## WORK INSTRUCTIONS
A faithful copy of each entry below is expected, with the images removed.

(INPUT FOR THIS TASK)

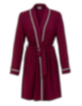 Elegant Bordeauxfärgad modell med vit piping som kontrasterande detalj.
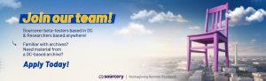 Help Sourcery get better and get paid doing it! We’re currently recruiting for two positions: Are you an early career archivist or librarian? A current MLS/PhD/MS/MA student or recent graduate? Or maybe just passionate about archives, libraries, and the digital…
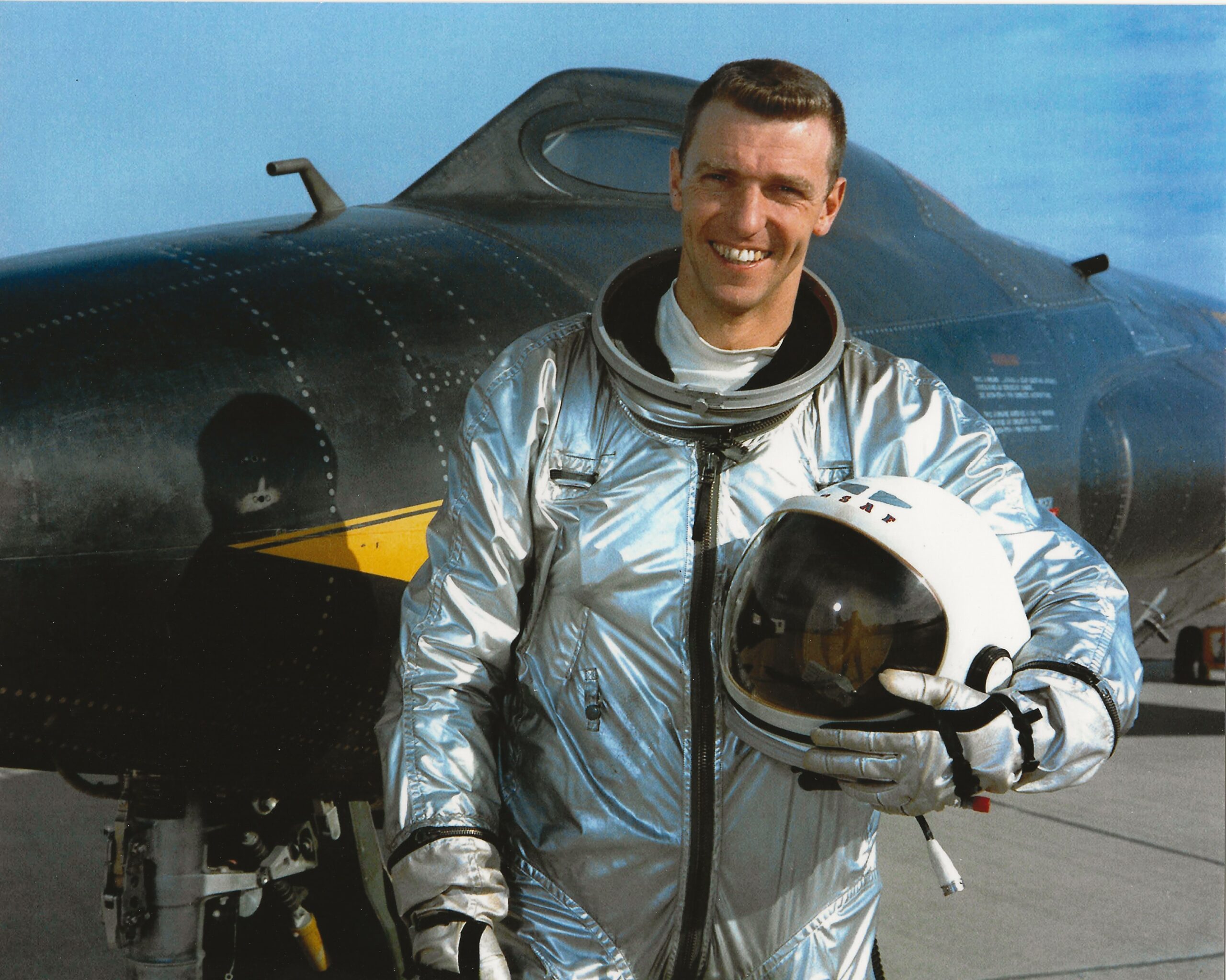 He served with the 474th Fighter Day Squadron flying F-100’s at George AFB, CA, and in 1960 was selected for the USAF Test Pilot School and the Aerospace Research Pilot School at Edwards AFB. In 1963 Engle was assigned as one of two Air Force test pilots to fly the X-15 Research Rocket aircraft, and on June 29, 1965, he flew the X-15 to an altitude of 280,600 feet and became the youngest pilot ever to qualify as an astronaut.
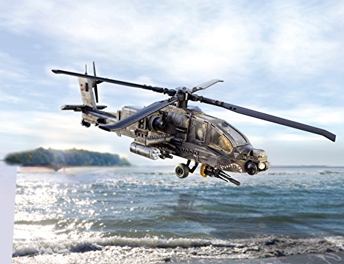 Buildable Anti-Armor Helicopter with printed nose detail, rotating propellers, working missile launcher, ammo compartment, opening engine hatch and cockpit with glow-in-the-dark controls
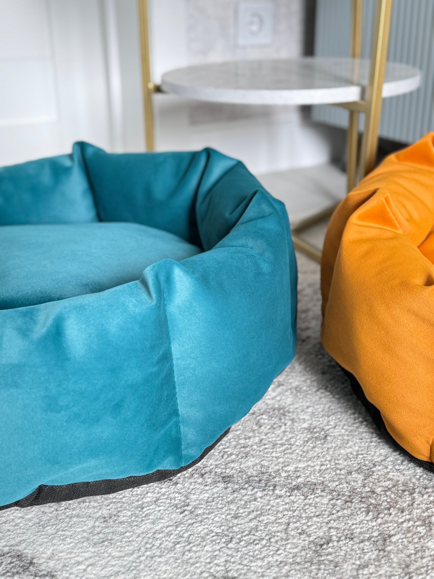 Лежанка для собак и кошек, размер 60 на 60, цвет океан, антивандальный велюр, мебельная ткань информация:
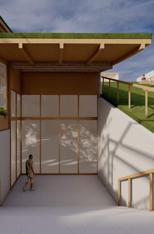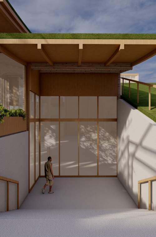 Project GOMILA utilizes rain collection, green roof, and cross ventalation to achieve sustainability goals and adapt to the local environment. The sunroof and shading also ensure adequate light while keeping the temperature right.

(End INPUT FOR THIS TASK)

## THE COMPLETED TASK
 Elegant Bordeauxfärgad modell med vit piping som kontrasterande detalj.
 Help Sourcery get better and get paid doing it! We’re currently recruiting for two positions: Are you an early career archivist or librarian? A current MLS/PhD/MS/MA student or recent graduate? Or maybe just passionate about archives, libraries, and the digital…
 He served with the 474th Fighter Day Squadron flying F-100’s at George AFB, CA, and in 1960 was selected for the USAF Test Pilot School and the Aerospace Research Pilot School at Edwards AFB. In 1963 Engle was assigned as one of two Air Force test pilots to fly the X-15 Research Rocket aircraft, and on June 29, 1965, he flew the X-15 to an altitude of 280,600 feet and became the youngest pilot ever to qualify as an astronaut.
 Buildable Anti-Armor Helicopter with printed nose detail, rotating propellers, working missile launcher, ammo compartment, opening engine hatch and cockpit with glow-in-the-dark controls
 Лежанка для собак и кошек, размер 60 на 60, цвет океан, антивандальный велюр, мебельная ткань информация:
 Project GOMILA utilizes rain collection, green roof, and cross ventalation to achieve sustainability goals and adapt to the local environment. The sunroof and shading also ensure adequate light while keeping the temperature right.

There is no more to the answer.